We were looking for a cockapoo puppy but have managed to find ourselves an sproodle puppy. 

He will be 8 weeks when we collect him in two weeks time. We can't wait!! He's black and white and named after our favourite place in Dorset - Lulworth!

I would post a photo, if I knew how!!


----------



## Woo (Oct 5, 2011)

Congratulations, can't wait to see pictures


----------



## Piddleypops (Sep 2, 2013)

Introducing Lulworth


----------



## dmgalley (Aug 19, 2012)

So cute. 

Sent from my SGH-T999 using Tapatalk 2


----------



## Lottierachel (Mar 3, 2013)

Very cute!! A lovely idea for his name too. It's nice to have something that means something to you =)


----------



## wilfiboy (Sep 18, 2010)

He's an absolute beauty xx


----------



## Skyesdog (Jun 7, 2012)

Gorgeous baby boy!!


----------



## arlo (Mar 11, 2013)

Love his name and love him, how handsome is he!


----------



## dio.ren (Jan 18, 2013)

Piddleypops said:


> Introducing Lulworth


I'm in love  He is so cute love his colors. What a perfect little guy!


----------



## sugerlump (Oct 6, 2012)

hay i'm new at this just what is a sproodle. he is so cute .and wonderful color.good luck .


----------



## dio.ren (Jan 18, 2013)

sugerlump said:


> hay i'm new at this just what is a sproodle. he is so cute .and wonderful color.good luck .

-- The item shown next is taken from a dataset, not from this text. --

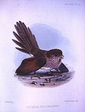 Illustration of Formosan Netgamble (Suthora bulomachus) by Joseph Wolf from The Ibis 1866 |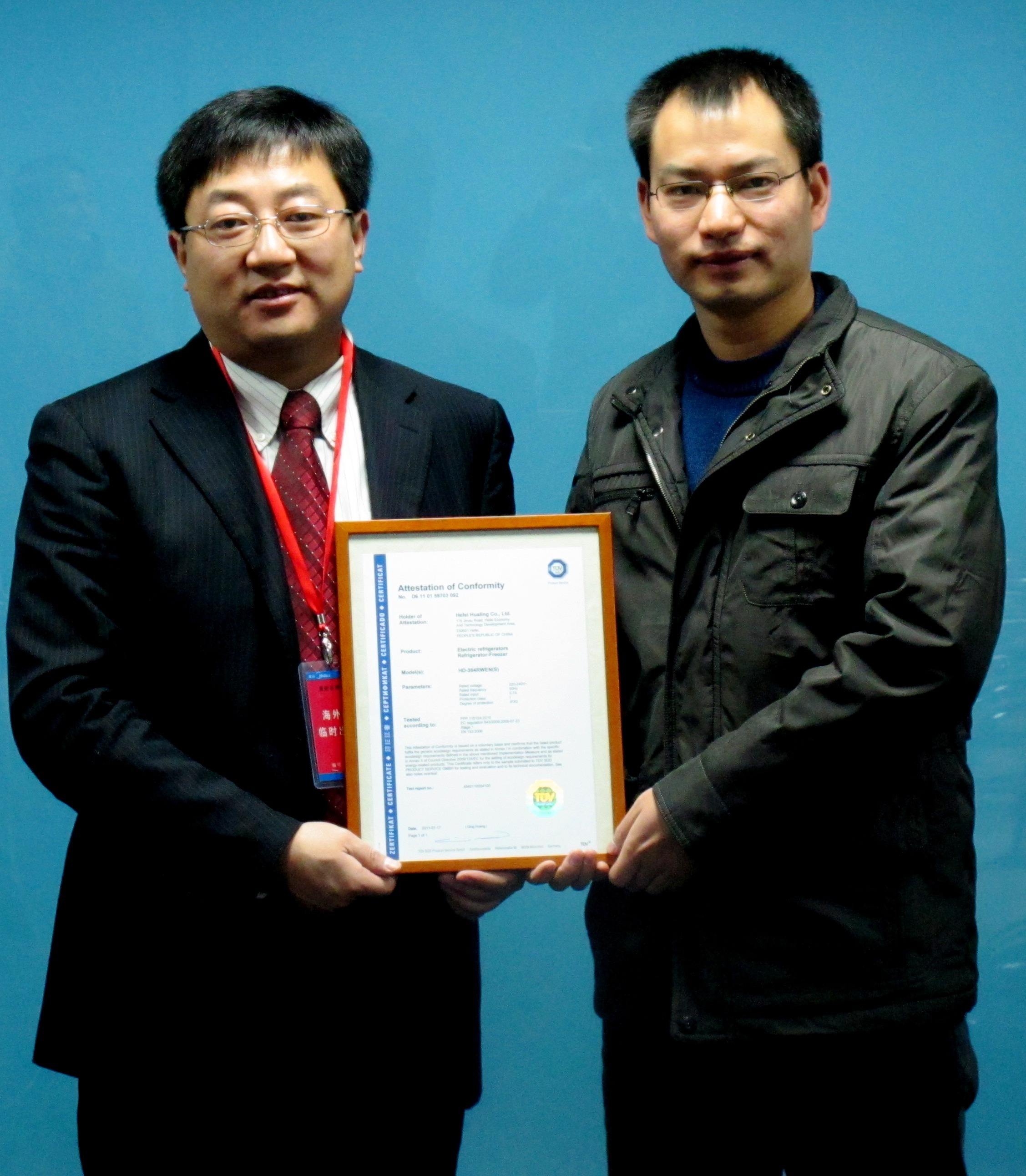 安徽合肥2011年1月21日電 /美通社亞洲/ -- 2011年1月20日, TUV 南德意志集團為美的公司頒發冰箱能效證書。這意味著美的公司生產的冰箱產品滿足生態設計的歐盟法規要求,在歐洲乃至國際市場上銷售時將受到更大認可。TUV 南德意志集團負責江蘇、安徽、湖北、四川等地業務的蔣丹峰先生出席頒證儀式。越來越多的消費者日益重視環境問題,環保意識已經成為具體行動。通過能效認證的產品,亦能為企業的環保績效添力,從而帶來更多商機,達到直接提升產品形象和提高消費者購買意愿的結果。

I'm guessing a springer spaniel and a poodle cross


----------



## Florida Cockapoo (Aug 24, 2012)

Very quite.


----------



## Tinman (Apr 23, 2013)

Little lulworth looks gorgeous, he has lovely markings on his face, I'm very happy for you and your family. :baby:


----------



## Piddleypops (Sep 2, 2013)

Lulworth is a springer spaniel and poodle mix. I think they are called various names ... sproodle, spoodle or springer doodle amongst others!


----------



## wilfiboy (Sep 18, 2010)

Look forward to seeing the beautiful boy as he comes home and gets older xx


----------



## RuthMill (Jun 30, 2012)

Oh looking forward to seeing this little guy!

Love springers.. Can't wait to see how he develops and see what the similarities are with the cockapoo!


----------